No tempo de Jack, o Estripador, uma época difícil para
Londres, também vivia na capital britânica um afável estenógrafo chamado
Ebenezer Howard – e ele merece ser lembrado porque acabou tendo um impacto
significativo e duradouro no modo como pensamos as cidades. Calvo, com bigode
farto que lhe cobria a boca e óculos de armação metálica, Howard tinha o ar
distraído de um sonhador.
E não estava nada contente com seu trabalho, que era o
de transcrever discursos parlamentares. Sua inquietação levou-o a investigar o
espiritismo, aprender o esperanto, uma língua que acabara de ser criada, e
inventar uma máquina de taquigrafia. Além disso, sonhava com imóveis.
Em carta de 1885 à esposa, ele afirma que o melhor
para a família deles seria uma casa com “um jardim muito agradável e talvez até
uma quadra de tênis”. Após gerar quatro filhos ao longo de seis anos enquanto
morava em uma apertada casa alugada, Howard concebeu um plano para despovoar
Londres.
Na década de 1880, Londres, que passava por um surto
de crescimento, estava repleta de gente bem mais desesperada que Howard. Jack,
o Estripador, escolhia suas vítimas em cortiços nos quais as condições de vida
eram medonhas. “Em um porão viviam pai, mãe, três filhos e quatro porcos! [...]
Em outro local, havia uma viúva, seus três filhos e
uma criança que morrera 13 dias antes”, escreveu Andrew Mearns, um reverendo
empenhado em mudar essa situação. Tais cortiços eram conhecidos na época
vitoriana como “viveiros”, ou colônias de reprodução de animais.
O planejamento
urbano no século 20 teve como base essa percepção negativa, herdada do século
anterior. E, curiosamente, ele começou com Ebenezer Howard.
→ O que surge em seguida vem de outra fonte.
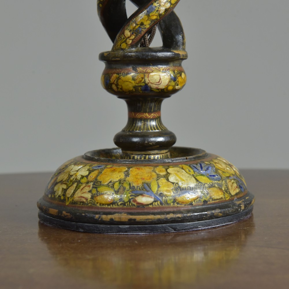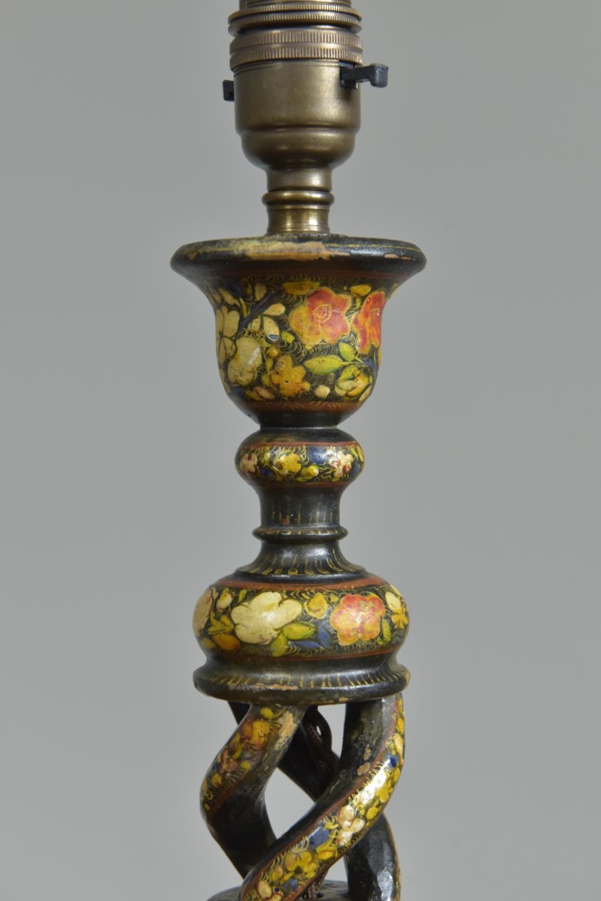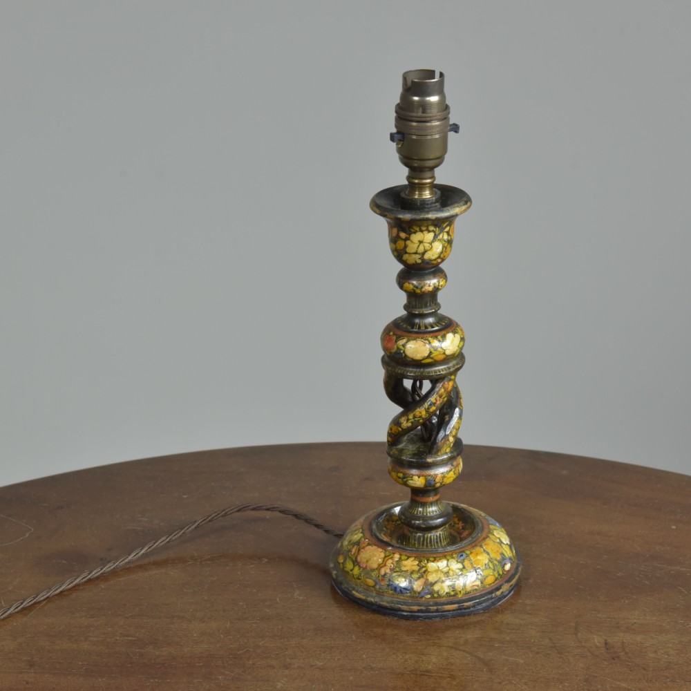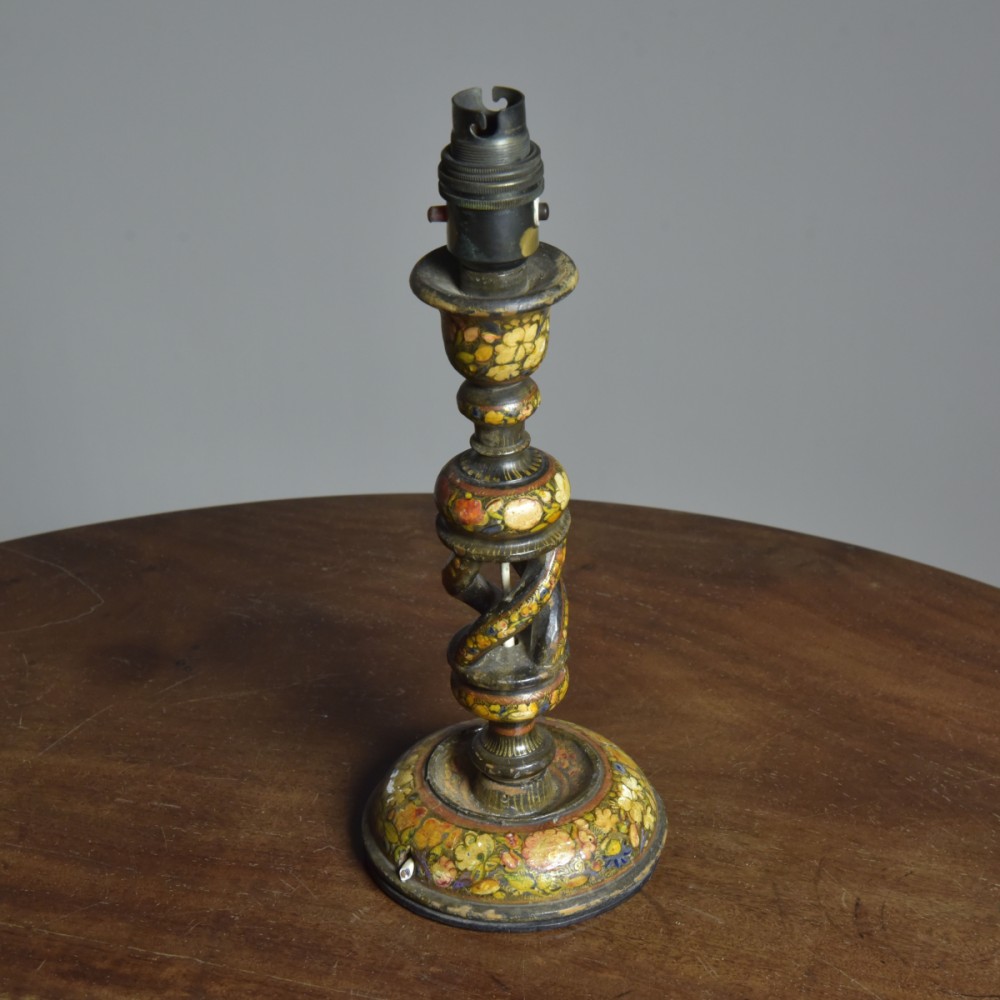 A small antique Kashmiri spiral turned lamp in very good condition. c1920. Fully restored; cleaned, lead disc to base rescrewed, new fabric base. Rewired with 2.5 meters of fabric flex, a new patinated brass switched lampholder and a traditional style hard plastic plug. Pat tested. Two images show lamp before restoration. Dimensions in inches/cms; 12.5"/32cm tall inc lampholder. 4.75"/12cm base diameter. Weight is 0.86kg. For more / higher res images please see my blog which can be accessed through the news section of this (haes) website.

Em um livreto que
publicou em 1898, o estenógrafo que passava o dia transcrevendo ideias alheias
decidiu expor suas ideias de como deveria viver a humanidade – apresentando uma
concepção tão atraente que, meio século depois, o americano Lewis Mumford, um
importante crítico de arquitetura, afirmou que Howard havia “lançado os
fundamentos de um novo ciclo da civilização urbana”.
Para Howard,
era preciso interromper a onda de crescimento urbano, incentivando as pessoas a
sair das metrópoles cancerosas e se mudar para novas e autônomas
“cidades-jardins”. Os felizes moradores desfrutariam de uma “mescla jubilosa”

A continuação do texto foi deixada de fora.